The Fine Line of Tracking Employee Time Legally in the US

Written by Asim Qureshi
By Asim Qureshi, CEO Jibble

April 14th 2023

It’s no secret that anything related to individual data privacy is a BIG deal. With the proliferation of interconnected devices, people are more and more anxious about having some type of control over this privacy.

Big corporations are increasingly getting into hot water for the manners in which they handle user data, and now they’re being sued left, right, and center over concerns for privacy, security, consent, accuracy, and discrimination. 

The results of these lawsuits vary, but they often lead to settlements or fines.
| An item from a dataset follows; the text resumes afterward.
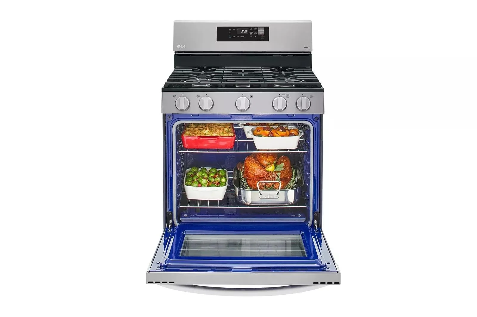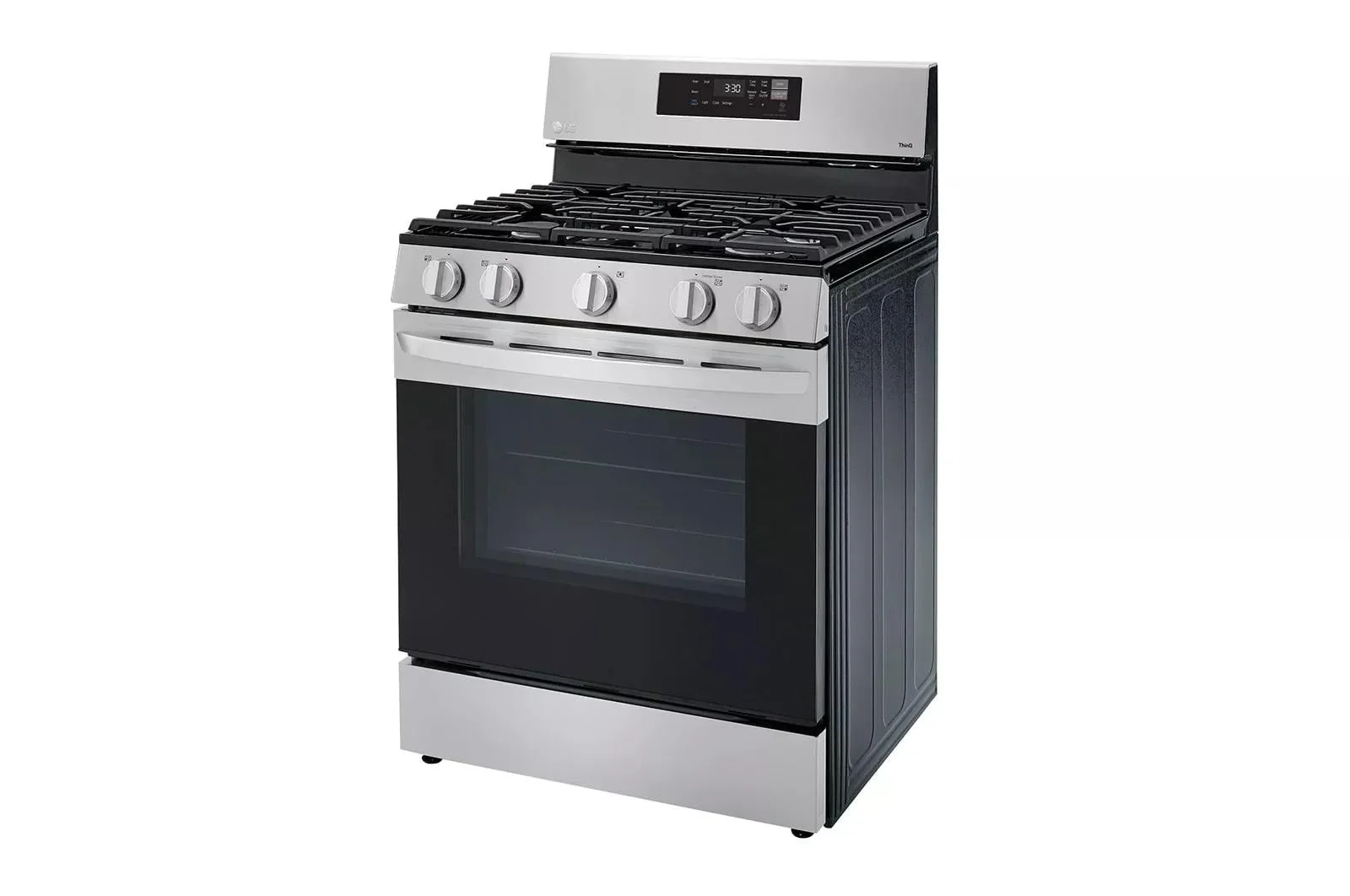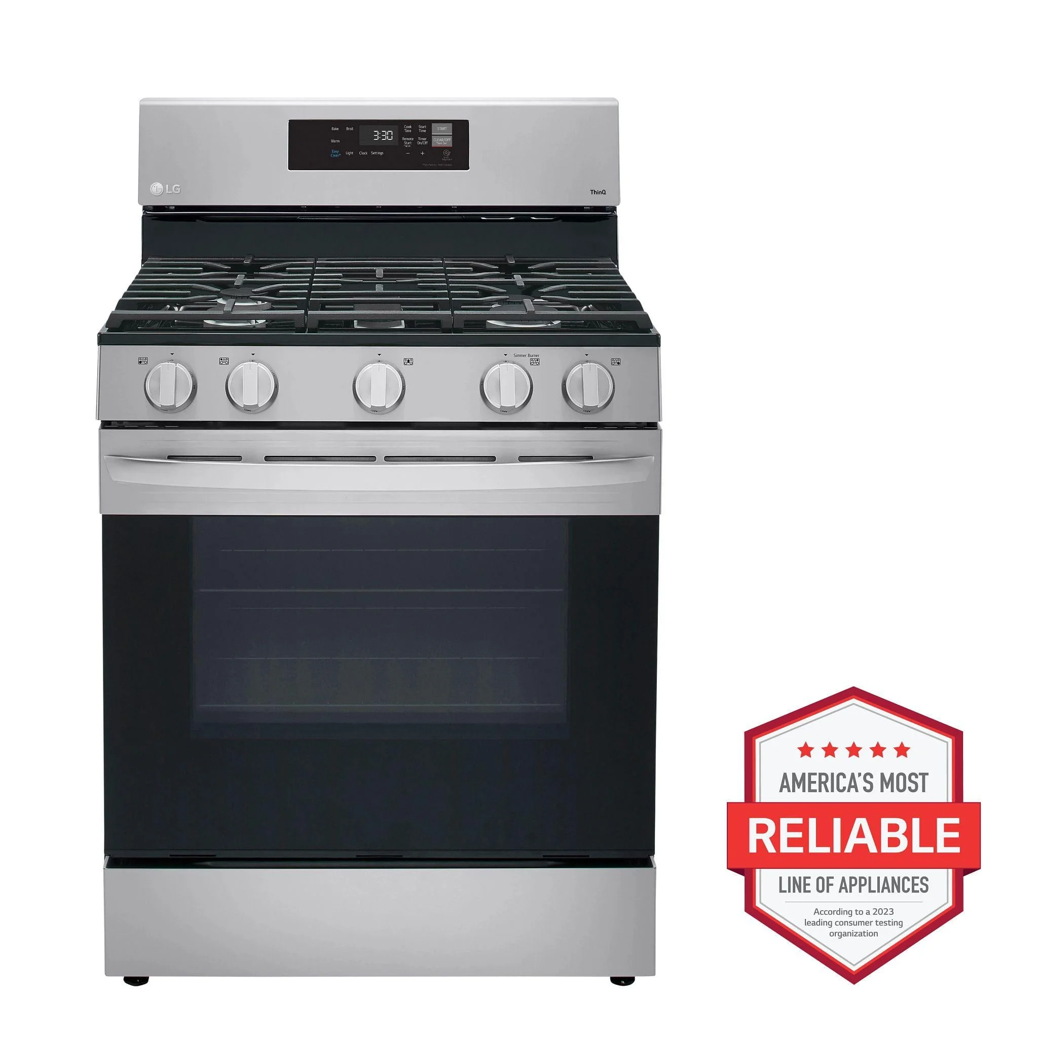Enjoy a 2-year limited warranty on select appliances purchased through December 31, 2025 via the ThinQ® app. Terms apply., Get the ThinQ® app to access smart features and ThinQ Care™ alerts, 5.8 cu ft. Capacity, 5 sealed gas burners for all your cooking needs, Bring liquids to a boil quickly with the powerful Superboil™ 17K BTU burner, Continuous cast iron grates provide even heating and stability for your cookware, Speed clean your oven with our 10-Minute EasyClean® cycle

Facebook, now Meta, settled a $650 million lawsuit about their face-tagging feature and about 1.6 million people in Illinois who use the app are gonna get around $350 each from the settlement. TikTok, for one, has had to recently resolve a class-action lawsuit for $92 million in relation to tracking its users’ data.

This does not come as a surprise – I mean, who wants their every move online to be monitored by some corporation? 

While such cases relate to unauthorized tracking, companies that track their employees legally through the use of various tools are also facing lawsuits. 

But what exactly are they being sued for?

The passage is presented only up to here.